Disclosure of Invention

The saccharide is the main existence form of pathogenic bacteria carbon source and is essential nutrient for the growth and development of the stripe rust. The invention aims to enrich the new knowledge of the person skilled in the art for obtaining the carbon source of the wheat stripe rust. Specifically, the invention provides a wheat stripe rust sugar transporter gene Pst25662 and a coding protein Pst25662 thereof.

The invention aims at providing a wheat stripe rust sugar transporter Pst25662 and a gene Pst25662 encoding the sugar transporter Pst25662. The invention also provides an application of the sugar transporter Pst25662 and the coding gene thereof in cultivation of wheat stripe rust resistant varieties.

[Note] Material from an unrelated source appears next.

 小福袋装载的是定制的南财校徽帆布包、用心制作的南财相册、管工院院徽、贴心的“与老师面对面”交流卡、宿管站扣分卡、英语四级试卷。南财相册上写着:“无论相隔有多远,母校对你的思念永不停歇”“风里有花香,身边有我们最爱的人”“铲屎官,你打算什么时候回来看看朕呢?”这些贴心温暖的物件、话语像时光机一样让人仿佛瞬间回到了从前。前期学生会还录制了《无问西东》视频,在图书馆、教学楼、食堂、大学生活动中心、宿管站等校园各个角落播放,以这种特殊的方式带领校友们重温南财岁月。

In order to achieve the above purpose, the invention adopts the following technical scheme: a wheat stripe rust sugar transport protein Pst25662, wherein the sugar transport protein Pst25662 plays a sugar transport function in the interaction process of stripe rust and wheat, the amino acid sequence of the sugar transport protein Pst25662 is shown as SEQ ID NO.2, and the nucleotide sequence of a gene Pst25662 encoding the sugar transport protein Pst25662 is shown as SEQ ID NO. 1.

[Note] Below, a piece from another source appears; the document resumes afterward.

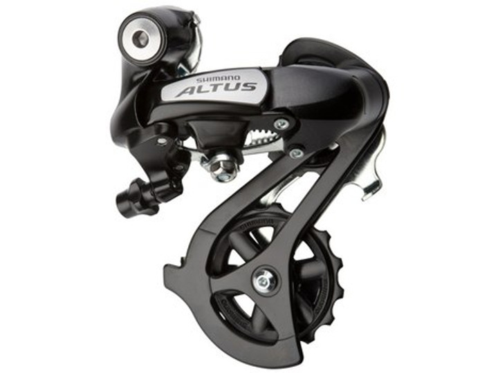 The Altus RD-M310 is a light action MTB rear derailleur for 7/8-speed shifting systems. It features a low profile concept with double servo-pantograph technology that improves adjustability and resists weather and contamination. The rear derailleur always keeps close to the cassette sprockets, allowing smooth and effortless gear changing. Wide link for durability and precise shifting.

Further, the wheat stripe rust sugar transporter gene Pst25662 and the sugar transporter encoded by the wheat stripe rust sugar transporter gene play a sugar transport function in the interaction process of stripe rust and wheat. Silencing the specific fragment of the gene Pst25662 (the nucleotide sequence is shown as SEQ ID NO. 3) can improve the resistance of wheat to stripe rust bacteria.

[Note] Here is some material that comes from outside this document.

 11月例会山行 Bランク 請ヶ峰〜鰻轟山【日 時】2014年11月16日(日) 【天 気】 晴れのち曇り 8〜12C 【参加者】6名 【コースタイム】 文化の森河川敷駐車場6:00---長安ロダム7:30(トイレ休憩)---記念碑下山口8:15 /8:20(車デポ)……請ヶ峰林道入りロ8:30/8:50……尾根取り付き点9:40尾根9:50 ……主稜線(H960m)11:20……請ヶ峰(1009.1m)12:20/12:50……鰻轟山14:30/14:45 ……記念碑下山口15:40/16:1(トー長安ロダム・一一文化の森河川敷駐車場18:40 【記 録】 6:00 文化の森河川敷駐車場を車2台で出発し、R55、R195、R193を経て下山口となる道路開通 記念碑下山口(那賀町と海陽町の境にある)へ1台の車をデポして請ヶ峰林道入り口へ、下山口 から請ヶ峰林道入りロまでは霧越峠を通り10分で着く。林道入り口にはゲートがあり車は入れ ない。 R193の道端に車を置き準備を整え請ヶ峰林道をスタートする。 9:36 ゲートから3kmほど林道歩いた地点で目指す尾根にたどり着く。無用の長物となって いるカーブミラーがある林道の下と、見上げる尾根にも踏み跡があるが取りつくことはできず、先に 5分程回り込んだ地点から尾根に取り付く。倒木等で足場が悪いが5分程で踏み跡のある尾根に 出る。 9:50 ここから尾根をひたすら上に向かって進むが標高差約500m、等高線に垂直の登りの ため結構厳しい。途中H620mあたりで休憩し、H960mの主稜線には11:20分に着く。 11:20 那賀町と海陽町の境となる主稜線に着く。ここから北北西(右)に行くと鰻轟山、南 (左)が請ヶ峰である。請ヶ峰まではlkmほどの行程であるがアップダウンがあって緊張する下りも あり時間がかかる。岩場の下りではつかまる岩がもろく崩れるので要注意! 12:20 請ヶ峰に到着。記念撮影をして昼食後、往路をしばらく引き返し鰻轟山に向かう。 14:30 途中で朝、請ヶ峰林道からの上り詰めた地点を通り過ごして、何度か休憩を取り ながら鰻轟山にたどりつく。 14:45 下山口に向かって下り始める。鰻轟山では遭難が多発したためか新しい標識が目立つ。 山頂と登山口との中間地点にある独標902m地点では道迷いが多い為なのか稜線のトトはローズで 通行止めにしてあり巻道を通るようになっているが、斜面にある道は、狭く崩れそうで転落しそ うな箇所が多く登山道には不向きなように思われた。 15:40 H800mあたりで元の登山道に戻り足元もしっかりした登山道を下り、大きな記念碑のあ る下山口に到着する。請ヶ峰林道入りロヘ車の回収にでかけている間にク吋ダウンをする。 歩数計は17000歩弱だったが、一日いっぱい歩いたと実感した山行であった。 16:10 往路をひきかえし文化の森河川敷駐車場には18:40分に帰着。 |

The invention also provides an application of the sugar transporter Pst25662 and the coding gene thereof in cultivation of wheat stripe rust resistant varieties.

The invention further provides a method for wheat disease-resistant breeding, which comprises the following steps: constructing an expression vector containing a silencing fragment of the wheat stripe rust sugar transporter gene Pst 25662; transferring into wheat materials by using agrobacterium mediation; obtaining transgenic wheat silenced by the sugar transporter gene Pst 25662; the expression vector contains the Pst25662 gene silencing fragment.

In order to completely and unobjectionably understand the technical scheme of the invention, it is required to supplement that the wheat stripe rust sugar transporter gene is represented by an inclined font "Pst25662" and the wheat stripe rust sugar transporter gene is represented by a non-inclined font "Pst 25662". Of course, the meaning and expression of the relevant genes and their encoded proteins can be clearly and completely understood by those skilled in the art from the description of the present invention.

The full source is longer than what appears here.